Maneggiare con cura

Oggi il mio esercizio di scrittura ha preteso un ragionamento sulla fragilità, figurati, è come invitare un’oca a bere, ho scritto così tanto che è arrivata l’ora di pranzo e non me ne sono neppure accorta.

Qualche settimana fa avevo ordinato sul sito di Zara home un vaso bellissimo, verde a pois e righe bianche, sapete che non posso vivere senza fiori, bè è arrivato rotto, ho chiamato subito il call center, mi ha risposto un ragazzo gentile dalla Spagna, che voglia di spiaggia mi ha fatto venire, gli ho raccontato tutto, mi ha risposto di buttare via il vaso rotto e anche di stare molto attenta a non ferirmi nello smaltimento, ho apprezzato che l’abbia detto, poteva non farlo, mi ha assicurato che nel giro di pochi giorni sarebbe arrivato quello nuovo.

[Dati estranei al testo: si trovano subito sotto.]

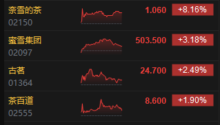 茶饮股集体上行,奈雪的茶涨超8%。现制茶饮品牌沪上阿姨4月28日起正式开启招股,全球发行241.13 万股,每股招股价95.57至113.12港元。截至今早10点左右,沪上阿姨I展额已增至 48.62亿元,I展超购约 178.24倍。国金证券(600109)表示,近期头部茶饮企业陆续上市,行业竞争加剧背景下,看好低价格带格局稳定赛道,以及中价格带产品性价比高供应链扎实的企业。

Prima di mettere giù mi ha chiesto se sulla scatola del vaso rotto c’era l’adesivo fragile, ho controllato, non c’era. Qualche giorno dopo è arrivato il vaso nuovo, perfettamente imballato in triplo strato di carta kraft e sul pacco un grosso adesivo che diceva FRAGILE, stavolta il vaso era intatto, quello vecchio però non l’ho ancora buttato, non riesco a separarmi dalle cose a pezzi.

Pensavo che bisognerebbe trattare tutto come che sia fragile anche se non c’è l’adesivo, io ci provo ogni volta a trattare pacchi, persone, cani, fiori, bambini, poesie, sorrisi, semafori, parole, cibi, messaggi con molta gentilezza, mi prendo il tempo necessario per farlo perché è giusto così, non mi importa se la fragilità è evidente oppure no, in un mondo gentile vivono meglio tutti, i fragili e i forti. Non dovrebbe esserci bisogno di adesivi nel mio mondo ideale.

Le randagie certe cose le sanno molto bene.

Stasera quando uscirò con Pasqualino raccoglierò le erbe per la notte di San Giovanni e anche dei fiori di campo da mettere nel mio vaso verde a pois e righe bianche.

Le giornate scorrono velocemente fra mille cose, da domani inizierò a preparare l’ennesimo concorso per un posto al ribasso, lo faccio perché mi sento più tranquilla così ma ho la certezza che stia per arrivare qualcosa d’altro, qualcosa di giusto per me, ora.

Leggo molto, scrivo moltissimo, curo i miei fiori e i miei animali, alla sera vado a letto distrutta e mi addormento subito, quasi più in fretta di Pasqualino e sono soddisfatta di essere una randagia fragile che ama tantissimo le storie e le parole.

Da maneggiare con cura però. Come ciascuno di noi.